Warhorn was offline for about 4 hours this morning. The outage was caused by the server’s disk filling up as a result of 1) last night’s automated backup and 2) a proliferation of old log files. Because we don’t have any real alerting systems in place, we didn’t notice the outage until users started sending complaints in email. Once we were aware of the situation, we made some space on the disk and got the service running again.

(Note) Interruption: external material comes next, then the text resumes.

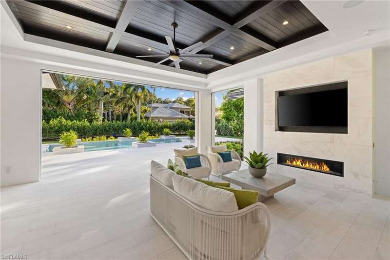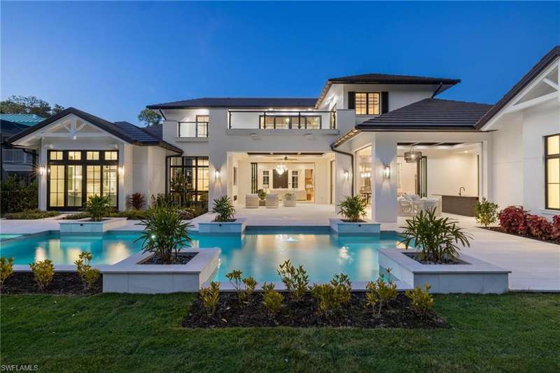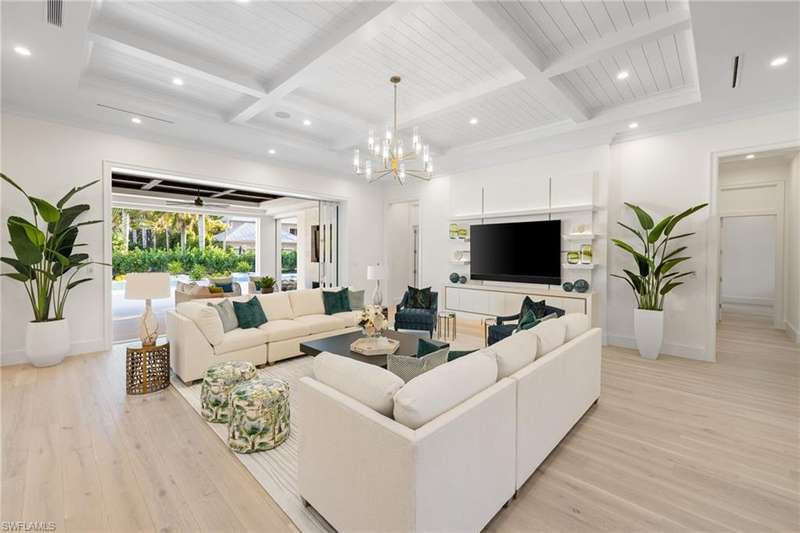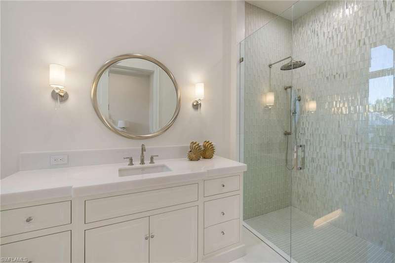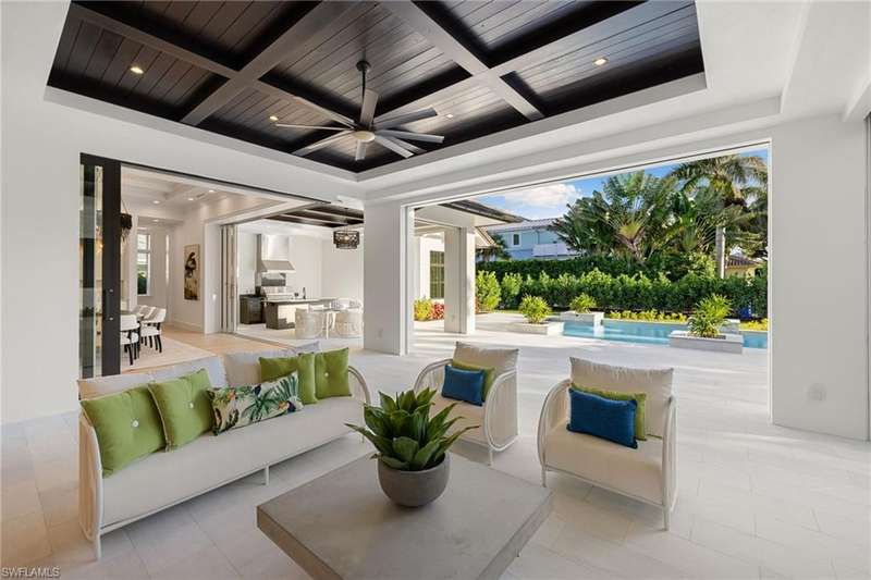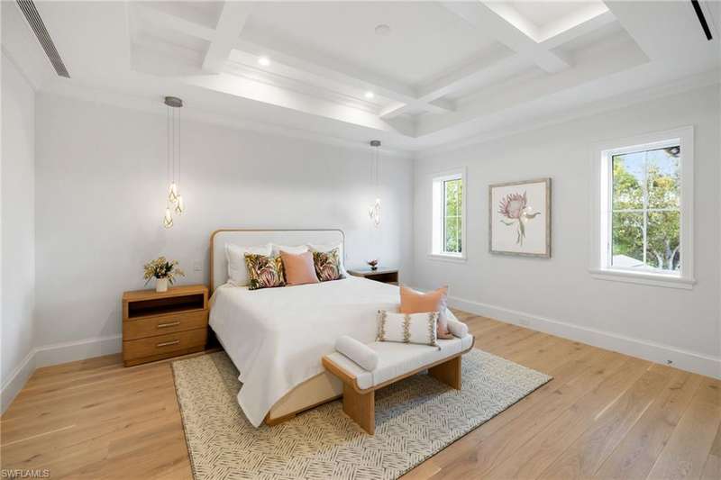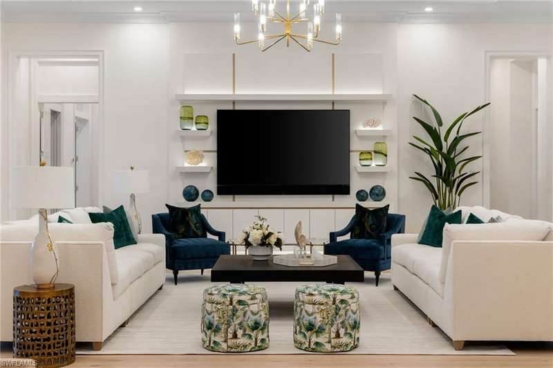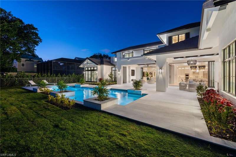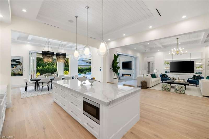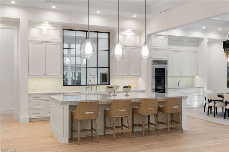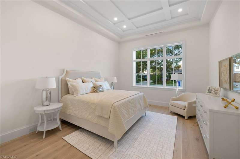 Situated on one of the most prestigious streets in Naples, just moments from its world-renowned sugar sand beaches, this exceptional new construction residence is set on an oversized homesite in the highly desirable X and X500 flood zones allowing for seamless 1st floor living. The home offers five ensuite bedrooms, including a ground-level owner's suite with a spacious dressing room, study, and a flex room that offers a versatile space, perfect for a home gym, second closet, den or art studio. At the heart of the home is a magnificent great room, where timeless sophistication meets modern innovation. The residence includes a formal dining room, a state-of-the-art kitchen, and the latest in home automation, security, and built-in audio with speakers. The chef s kitchen features high-end appliances from SubZero, Miele, and Wolf, dual wall ovens, beverage drawers, and a quartzite-topped island. A separate service kitchen with walk in pantry, a built-in Miele coffee maker, an additional d

Takeaways from this incident:

  1. We need real alerting systems in place to let us know as soon as some part of the system fails. It is unacceptable for hours to go by before we discover that something’s wrong. We have two options: set up some basic monitoring and alerting tools, or pay some third party to handle monitoring and alerting for us. Given my lack of free time and experience with managing that kind of thing by hand, we’d prefer the second option, but that depends on you folks giving a little more money a little more often than happens now.
  2. Backups need to be stored somewhere other than on the server. This is already in place; I set it up just after this morning’s incident. ~10G of space has been reclaimed, and our hosting provider’s automated backup system has now replaced our old system (at an additional monthly cost, which we’re crossing our fingers will be covered by donations).
  3. Log files need to be pruned after some amount of time. I gotta just roll up my sleeves and make that happen; nobody’s gonna do it for me.
I think it’s pretty obvious that we’re running Warhorn on a shoestring budget. We get very little in the way of donations and therefore don’t have the budget to afford to pay other folks to help us with the system level stuff that I don’t have time and/or expertise to deal with. So if you value the service we’re providing, please consider donating a few bucks to help us get Warhorn working better. If we could bring in even just $100 a month we could afford to run this outfit in a much more professional manner 🙂 Thanks very much to those of you who do support us financially, we sure do appreciate the help. And sorry for the outage – we’ll keep doing the best we can to keep this creaky old ship afloat.